During sunny summer days I'm apt to forget just how lovely a rainy day can be. You know, those Saturdays when you wake to the sound of rain hitting your window, rain that continues all day long. Today was like that and I loved every minute of it. I took my time reading the paper, watched a photographer friend's extraordinary multimedia slideshow on my computer, made one of my own, got this idea for a self portrait (see today's image) and took at least 25 shots to get one I liked, had a nice long phone visit with my dear friend Dorothy in San Francisco, watched some behind-the-scenes videos of Barack Obama on
YouTube, and looked at the work of UK photojournalist Edmond Terakopian on
http://www.pix.org.uk/. I ended the day with dinner, a video and singing at the piano with my sweetie. Yes, it was quite a lovely rainy day...
15-NOV-2008
the face of compassion
This was Mr. Williams' first day in the elders' art class, and Mrs. Brown, the teacher, spent lots of time making him feel welcome. Not only did she help him get started with his drawing, but offered him sympathy and support when he shared about his ongoing chemo and radiation therapies for throat cancer. Mr. Williams speaks with the aid of a voice box and uses a motorized wheelchair to get around, but I believe Mrs. Brown gave him a strong dose of healing medicine today just by her loving presence.
12-NOV-2008
My mother, Emily Miller Lay 1913-2002
Best viewed in ORIGINAL size.
I've had the idea for this still life in mind for some time but only worked with it today (Tuesday). The portrait of my mother was taken the day she and my father, James Selden Lay, Jr., married in Raleigh, North Carolina on February 27, 1937. They'd only known one another for six weeks--the only impulsive thing my Dad ever did!-- but their marriage was a happy one that lasted 50 years. The bugle is the one Mom always used to call us girls home for dinner, and the candle was made by my friend Pat Kolon for Mom's funeral after her death on November 2, 2002. I wanted my mother to be part of my "Falling Into Place" self portrait project, and now she is.
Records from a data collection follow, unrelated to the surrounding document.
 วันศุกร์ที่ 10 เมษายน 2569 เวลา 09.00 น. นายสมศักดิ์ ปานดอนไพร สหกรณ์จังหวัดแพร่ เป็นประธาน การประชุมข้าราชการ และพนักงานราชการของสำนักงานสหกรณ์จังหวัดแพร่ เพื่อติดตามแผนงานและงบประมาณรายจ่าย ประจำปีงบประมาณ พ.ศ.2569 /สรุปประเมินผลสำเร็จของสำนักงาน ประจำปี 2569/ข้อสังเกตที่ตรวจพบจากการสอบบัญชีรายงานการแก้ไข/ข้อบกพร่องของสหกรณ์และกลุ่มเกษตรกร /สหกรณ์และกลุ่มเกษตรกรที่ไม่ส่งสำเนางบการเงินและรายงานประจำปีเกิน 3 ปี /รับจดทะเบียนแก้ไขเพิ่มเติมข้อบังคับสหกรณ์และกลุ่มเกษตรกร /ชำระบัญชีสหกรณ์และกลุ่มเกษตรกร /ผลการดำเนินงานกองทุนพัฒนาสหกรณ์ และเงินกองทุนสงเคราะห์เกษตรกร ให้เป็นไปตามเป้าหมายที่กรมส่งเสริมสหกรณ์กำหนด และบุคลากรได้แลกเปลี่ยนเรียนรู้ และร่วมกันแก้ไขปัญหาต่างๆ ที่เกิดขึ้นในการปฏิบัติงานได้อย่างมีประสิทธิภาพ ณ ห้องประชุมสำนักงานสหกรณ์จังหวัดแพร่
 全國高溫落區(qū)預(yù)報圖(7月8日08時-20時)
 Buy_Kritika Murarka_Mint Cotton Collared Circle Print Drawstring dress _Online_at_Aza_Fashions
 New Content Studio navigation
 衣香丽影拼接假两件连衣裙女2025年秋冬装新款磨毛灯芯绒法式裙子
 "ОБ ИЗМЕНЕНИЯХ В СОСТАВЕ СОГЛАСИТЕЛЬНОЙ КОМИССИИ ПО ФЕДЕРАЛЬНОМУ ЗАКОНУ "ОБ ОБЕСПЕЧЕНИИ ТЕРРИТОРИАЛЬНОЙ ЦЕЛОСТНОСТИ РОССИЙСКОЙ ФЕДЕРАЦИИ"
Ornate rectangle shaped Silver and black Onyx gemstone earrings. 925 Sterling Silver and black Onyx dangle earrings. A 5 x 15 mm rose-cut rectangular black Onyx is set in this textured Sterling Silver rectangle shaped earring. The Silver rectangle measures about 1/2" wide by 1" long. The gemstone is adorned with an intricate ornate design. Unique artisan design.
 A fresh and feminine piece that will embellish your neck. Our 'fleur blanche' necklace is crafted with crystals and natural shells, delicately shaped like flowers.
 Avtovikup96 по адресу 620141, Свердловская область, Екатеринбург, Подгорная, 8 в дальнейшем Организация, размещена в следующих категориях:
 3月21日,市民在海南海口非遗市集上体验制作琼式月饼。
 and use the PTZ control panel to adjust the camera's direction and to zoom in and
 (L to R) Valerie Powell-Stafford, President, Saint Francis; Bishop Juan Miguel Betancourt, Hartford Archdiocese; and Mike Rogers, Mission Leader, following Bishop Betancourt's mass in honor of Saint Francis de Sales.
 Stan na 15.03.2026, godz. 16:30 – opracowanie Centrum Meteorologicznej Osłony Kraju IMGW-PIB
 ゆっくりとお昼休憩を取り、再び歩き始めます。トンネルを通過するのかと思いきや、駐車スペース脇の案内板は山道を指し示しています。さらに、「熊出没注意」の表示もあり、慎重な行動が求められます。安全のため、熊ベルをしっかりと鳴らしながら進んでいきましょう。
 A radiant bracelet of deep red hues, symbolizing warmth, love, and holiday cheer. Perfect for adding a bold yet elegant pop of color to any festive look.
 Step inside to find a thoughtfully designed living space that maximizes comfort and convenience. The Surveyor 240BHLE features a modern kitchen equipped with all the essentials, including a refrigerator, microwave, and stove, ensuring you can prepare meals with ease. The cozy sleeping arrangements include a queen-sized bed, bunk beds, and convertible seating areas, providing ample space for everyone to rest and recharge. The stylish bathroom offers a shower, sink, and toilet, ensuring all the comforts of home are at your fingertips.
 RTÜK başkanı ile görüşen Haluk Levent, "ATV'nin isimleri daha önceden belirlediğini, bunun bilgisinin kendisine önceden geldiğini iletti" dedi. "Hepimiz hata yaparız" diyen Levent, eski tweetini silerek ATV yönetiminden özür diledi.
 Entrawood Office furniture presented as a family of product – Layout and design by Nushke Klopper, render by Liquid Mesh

In addition to this photo, I've just added 18 new images to that series, bringing the current total up to 46.
CLICK HERE to see my "Falling Into Place" gallery.
I continue to receive encouragement from Magnum photographer, David Alan Harvey, to work towards this project being published as a book. Yesterday he wrote: "...by January i would like to start with the layout and presentation to publishers with your book...if we start soonest, we should be able to have a book ready for spring of 2010..this means you would have to have all of your photography done by this coming summer 2009... there should never be a "rush to publish", but i think by then, with a little push and incentive, you can do it...what do you think???"
Of course I answered "Yes!"
This is promising to be a busy winter for me, photographically speaking. In addition to working on the book project, I'll be mounting a one-person exhibit of my African American Elders photos at a Detroit gallery in late March. I've also been invited to submit my work to the Hearst 8x10 Biennial Photography Competition. Mary Ellen Mark, who is one of ten judges for this international competition, kindly suggested to the organizers that I would be a "great candidate" and gave them my contact info. I feel like I've won already just to have such confidence placed in me by MEM. I'll be submitting 16 photos from my "Falling Into Place" series. The eight winners will have their work shown at two galleries in the Hearst Tower at 57th & 8th in NYC. If a miracle were to happen and my work was included, I'd be having two gallery openings within one week, one in Detroit on March 27 and the other in NYC on April 1. It's extremely unlikely but wouldn't that be amazing???
With all of this going on--and looking at what the economy is doing--I've decided to cancel my winter train trip to Southern California. Realistically speaking, just paying for the framing of my photos for the Detroit exhibit is going to be costly enough. This is no time to take on any extra expenses.